NEW YORK (Realist English). Global oil prices moved higher on June 29 amid the resumption of mutual strikes between the US and Iran in the Strait of Hormuz.

The escalation over the weekend, which called into question the fragile truce brokered on June 17, once again heightened market participants’ concerns about supply disruptions from the strategically vital region.

Price Dynamics: From Decline to Rise

During Monday’s trading, the benchmark North Sea Brent crude repeatedly hit fresh highs. At its peak, prices reached $73.61 per barrel, though by around 11:00 Moscow time they had corrected to $72.74.

By 09:29 Moscow time, August Brent futures were at $73.28, up 0.94%. By 18:48 Moscow time, Brent had risen by $1.08 (1.50%) to $73.07.

US West Texas Intermediate (WTI) also moved firmly higher. August WTI futures had risen by $1.38 (1.99%) to $70.61 per barrel by 18:48 Moscow time. Earlier on Friday, WTI futures closed below $70 for the first time since February 27 — the day before the conflict with Iran began.

Over the past week, Brent fell by 10.6% and WTI by 9%, thanks to a rapid increase in fuel supplies through the Strait of Hormuz.

Drivers of Growth: Escalation and Geopolitical Risks

Analysts point to the fresh round of tensions in the Middle East as the main driver of the rally. US and Iranian forces resumed mutual strikes shortly after the signing of the memorandum of understanding.

The current escalation has slowed the transport of energy resources through the Strait of Hormuz, one of the region’s key logistical arteries.

As experts at the international financial group ING noted, “the oil market still faces significant risks.”

In their view, market participants may be overly complacent about the speed of supply recovery: “This complacency is strange and clearly leaves significant upside potential for prices if the supply recovery proves slow.”
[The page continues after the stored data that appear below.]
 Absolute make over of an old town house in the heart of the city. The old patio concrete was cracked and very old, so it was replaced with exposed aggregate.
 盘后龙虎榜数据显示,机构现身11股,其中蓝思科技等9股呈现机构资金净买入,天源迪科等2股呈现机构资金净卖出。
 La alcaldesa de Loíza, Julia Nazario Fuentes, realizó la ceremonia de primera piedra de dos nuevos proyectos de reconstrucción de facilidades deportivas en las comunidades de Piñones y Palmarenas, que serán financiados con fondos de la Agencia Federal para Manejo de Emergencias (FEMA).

Analysts at ANZ also warned: “The market is likely to reassess its assumptions about a rapid recovery in oil supplies from the Gulf.” In their assessment, “physical flows are constrained by tanker congestion, damaged infrastructure and production shutdowns. It may take the rest of the year before supplies approach pre‑war levels.”

At the same time, Middle Eastern producers continue to ship oil and LNG despite fresh attacks on vessels in the strait.
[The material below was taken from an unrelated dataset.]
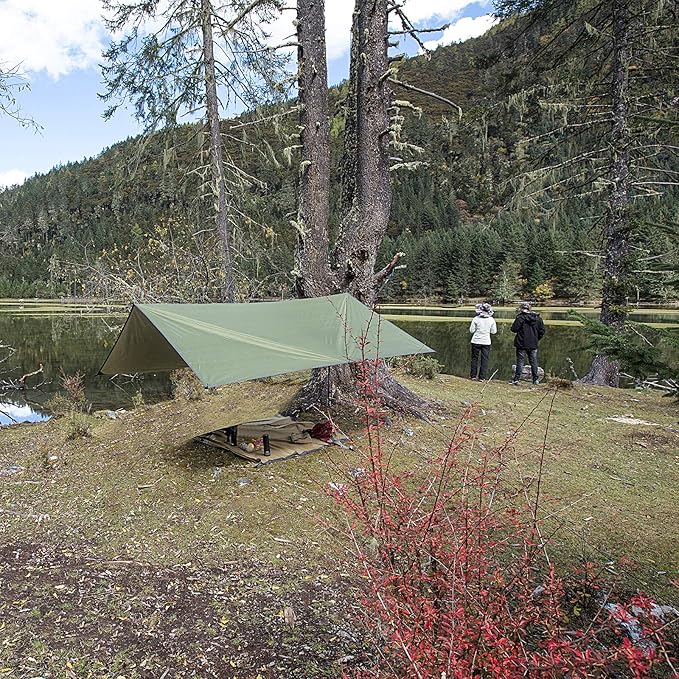 - 6 GUY LINES with 10 ties that can be pitched in multiple configurations. Can be used as a rain fly for hammock, tent tarp to prevent the wear and tear of your tent against the ground. Let you successfully camp on everything from a sandy beach to mountain slope. It's just right for a picnic, sun canopy, and much more.
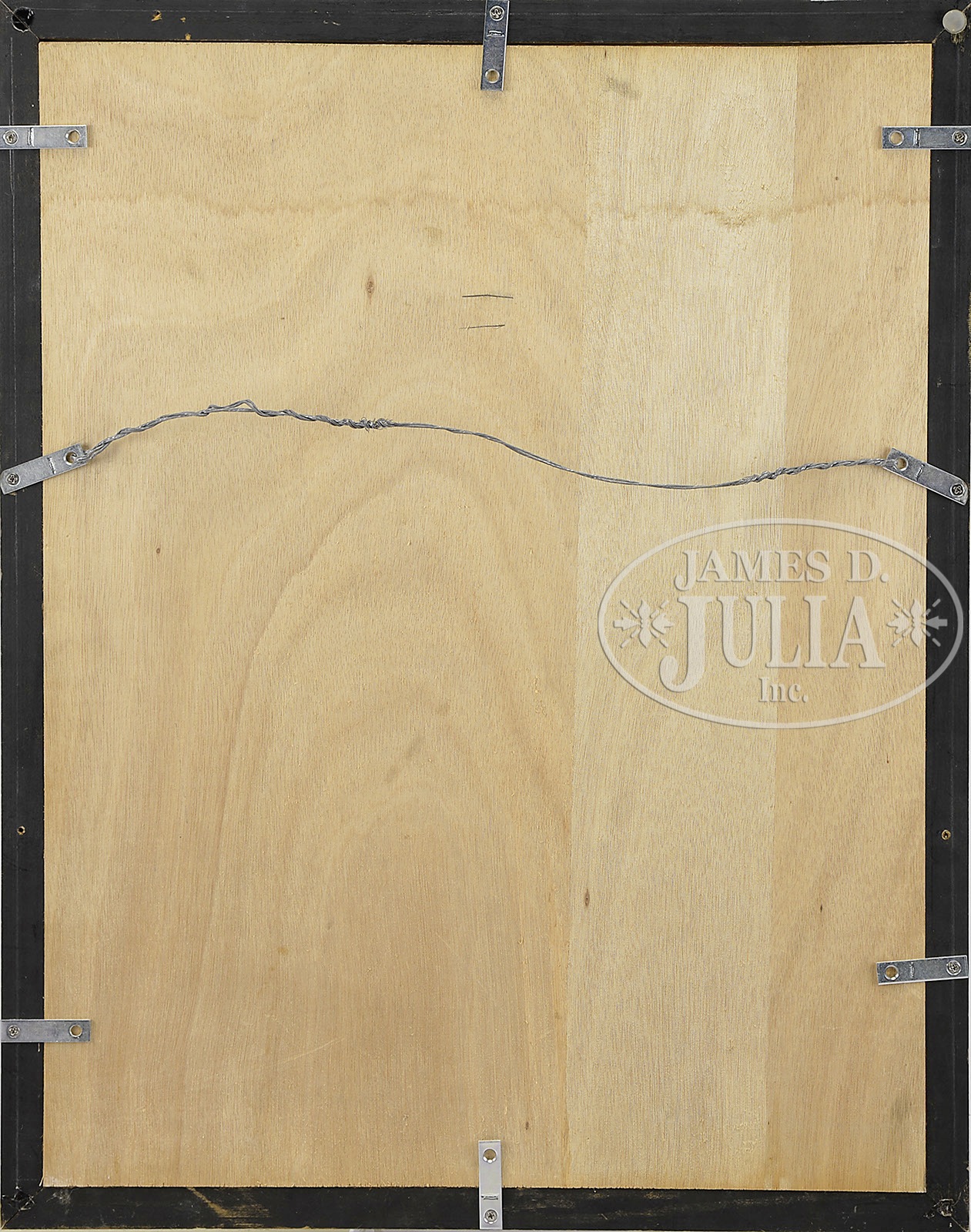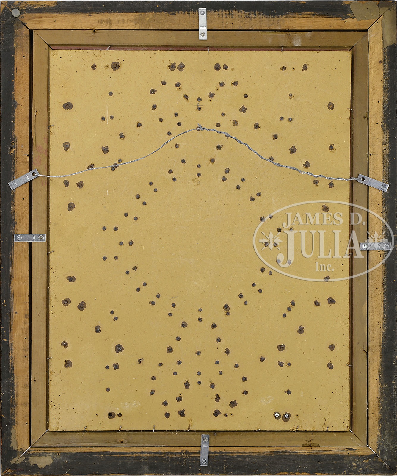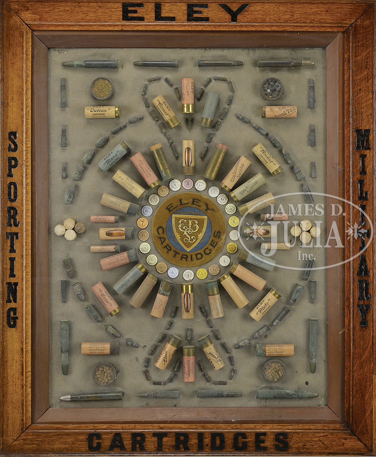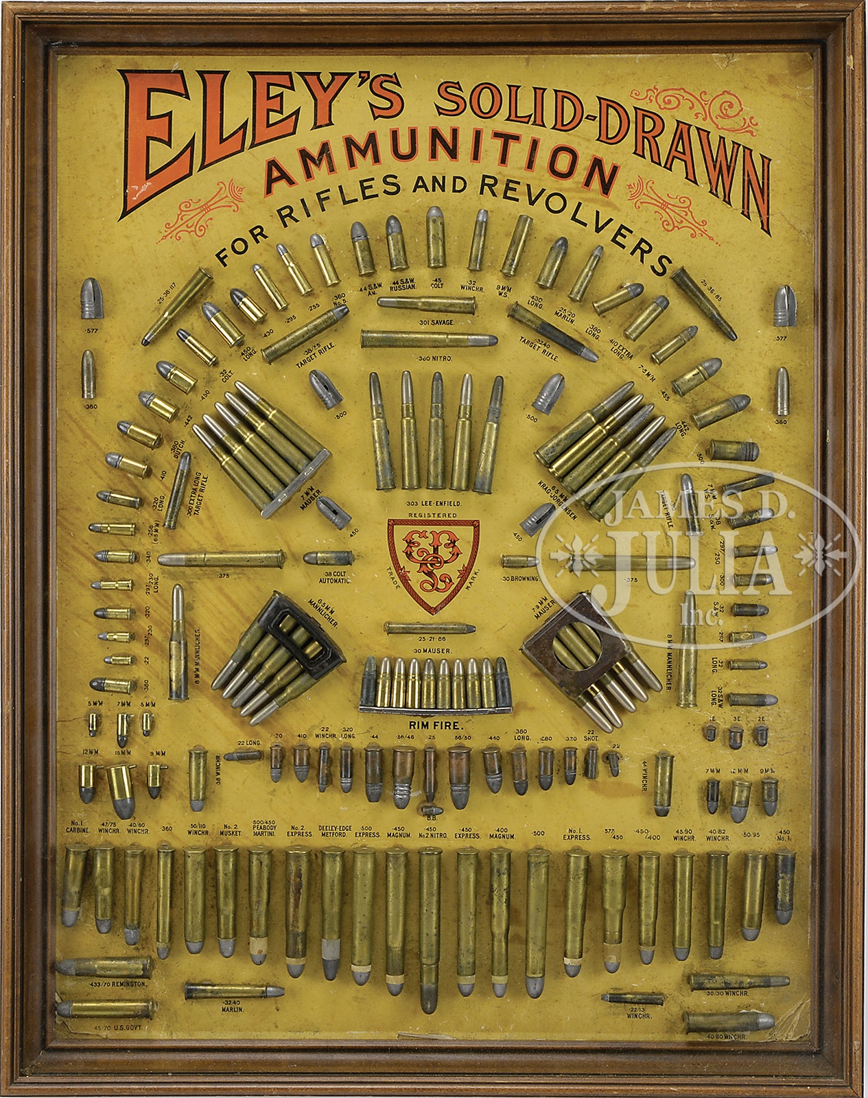 TWO ELEY CARTRIDGE BOARDS.SN NSN. No. 1: 21-3/4″ x 27-3/4″ Glass covered shadowbox of metallic cartridges and some bullets are mounted on card background printed “ELEY’S SOLID DRAWN AMMUNITION FOR RIFLES AND REVOLVERS.” Cartridges run the gamut from 5mm pinfire through .450 No. 2 Nitro, attractively arrayed having a number of military rifle cartridges in their stripper clips. .577 Lead bullets are sectioned to show copper caps. Board is housed in 2″ deep walnut frame. Backboard is protected by mahogany plywood. Condition: Good. Card is considerably foxed and wrinkled. All printing is clear. Most cartridges are tarnished. Frame is very good with a number of marks and dings. Glass is fine. No. 2: 25-3/8″ wide, 31-1/4″ high Shadowbox with a variety of metallic and shotgun cartridges, attractively arranged in circular motif on gray cardboard back. Central medallion with Eley logo is marked “ELEY CARTRIDGES” surrounded by a variety of overshot wads. Shadowbox has 1″ deep sides. Simply molded oak frame is embossed “ELEY” on top and “CARTRIDGES” on bottom, with “SPORTING” and “MILITARY” on sides. Condition: Backboard is wrinkled. Metallic cartridges are considerably discolored and tarnished to green. Shot shells are faded, some brass heads tarnished. Frame is very fine, with orig finish showing some light wear, and a 5″ repair to outer molding at bottom right. Glass is fine. Backing paper is missing. PROVENANCE: Robert H. Haskell, III Estate Collection. CONDITION: As above. 4-50219 MGM109 (2,000-3,000) – Lot 3372

Saudi state oil company Aramco resumed crude loading on Friday at the Ras Tanura terminal west of the Strait of Hormuz after a near four‑month suspension.

Situation on the Russian Market

Russian Urals crude continues to trade at a significant discount to Brent. As of June 29, Urals was in the range of $57–58 per barrel, dipping below the $60 level that is important for the Russian budget.

At the same time, some sources reported Urals rising to $60.11 per barrel.

As analysts note, as long as Russian oil trades around $57–58, it will be difficult for the Russian market to return to sustained growth.

Forecasts: Deficit on the Horizon

Alexander Isakov, Director of the Centre for Macroeconomic Research at Sberbank, told Vedomosti that the main consequence of the Middle East conflict has been a reduction in oil inventories among major market participants.

In his view, oil stocks at the US hub of Cushing have fallen to physical minimums and will take years to rebuild. In addition, China has reduced oil imports by 5 million barrels per day.

According to Isakov, these factors will lead to a deficit in the global oil market in the second half of 2026 and part of 2027, which should allow Brent to remain in the $75–80 range over the next year and a half.